◆ **INSTRUCTIONS TO FOLLOW**
Return, exactly and in full, the lines of the records below starting at the one with "Pullover cotton hoodie." and ending at the one with "日期 I2605收盘价 I2606收盘价 收盘价差(元/吨)", and no other lines.

◆ **SUPPLIED DATA**
▬▬▬▬▬▬▬▬▬▬

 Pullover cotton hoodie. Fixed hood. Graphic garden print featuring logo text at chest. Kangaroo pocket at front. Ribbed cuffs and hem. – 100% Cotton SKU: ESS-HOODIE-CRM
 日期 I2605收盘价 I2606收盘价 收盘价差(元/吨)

▬▬▬▬▬▬▬▬▬▬

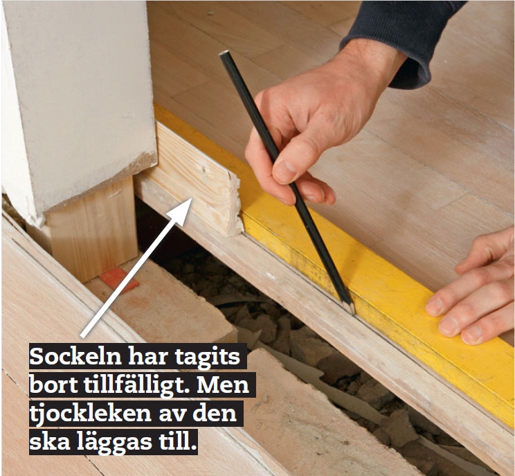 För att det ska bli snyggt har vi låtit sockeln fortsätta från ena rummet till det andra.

▬▬▬▬▬▬▬▬▬▬

◆ **TASK ANSWER**
 Pullover cotton hoodie. Fixed hood. Graphic garden print featuring logo text at chest. Kangaroo pocket at front. Ribbed cuffs and hem. – 100% Cotton SKU: ESS-HOODIE-CRM
 日期 I2605收盘价 I2606收盘价 收盘价差(元/吨)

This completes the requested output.